§ **What this task involves**
A verbatim copy of the data is wanted, minus any picture in it.

§ **Input data**
================

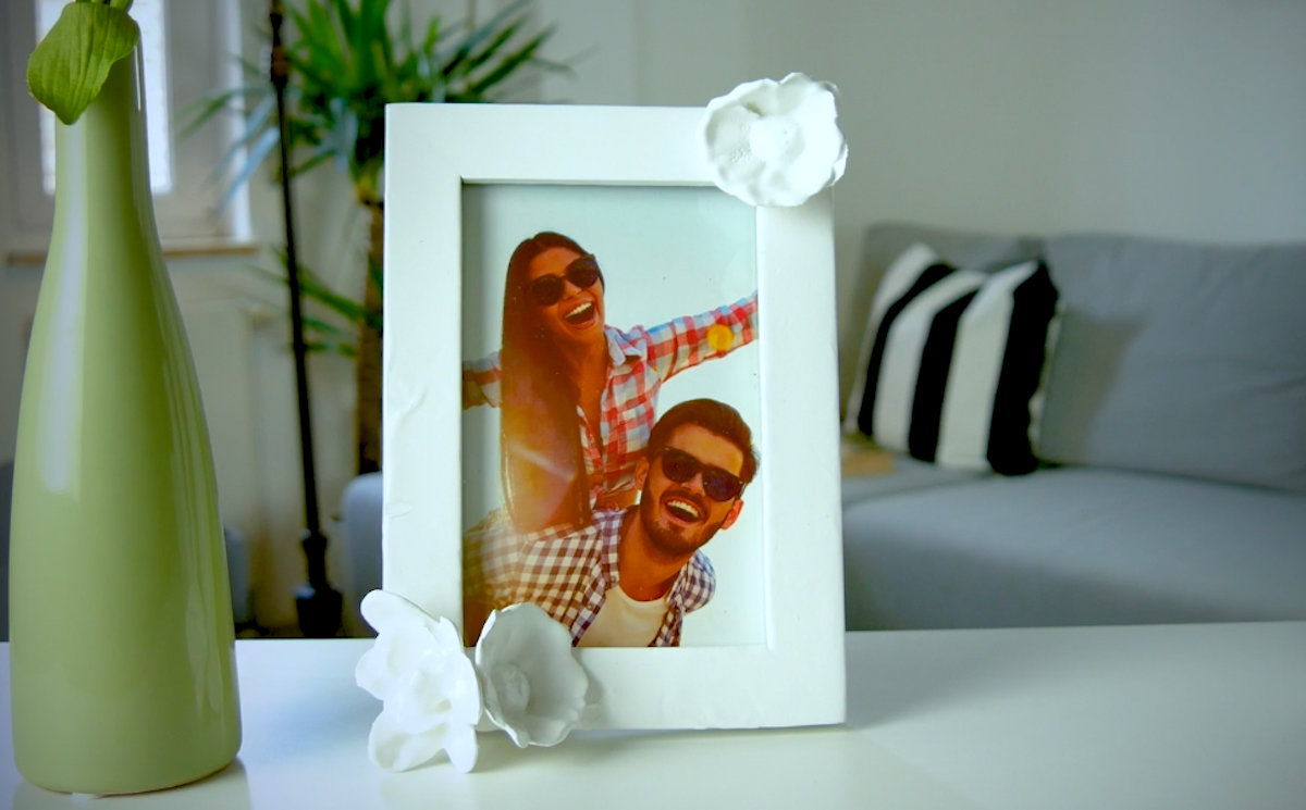 3. Retire el vidrio y la pared trasera del marco. Pegue 1 o 2 flores de yeso con pegamento caliente y pinte con aerosol toda la pieza. Tu decoración floral está lista.
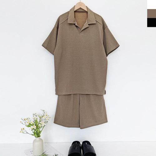 [모로엠]남성 여름 카라넥 반팔 셔츠 반바지 세트 DM-SET-QSS1016M
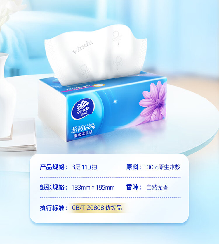 【新人专享0.01元】维达超韧抽纸100抽3包餐巾纸面巾卫生纸巾抽纸
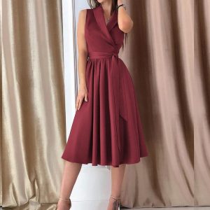 Dies Midi Dress Casual Sleeveless Belt Dress Female New

================

§ **Expected answer**
 3. Retire el vidrio y la pared trasera del marco. Pegue 1 o 2 flores de yeso con pegamento caliente y pinte con aerosol toda la pieza. Tu decoración floral está lista.
 [모로엠]남성 여름 카라넥 반팔 셔츠 반바지 세트 DM-SET-QSS1016M
 【新人专享0.01元】维达超韧抽纸100抽3包餐巾纸面巾卫生纸巾抽纸
 Dies Midi Dress Casual Sleeveless Belt Dress Female New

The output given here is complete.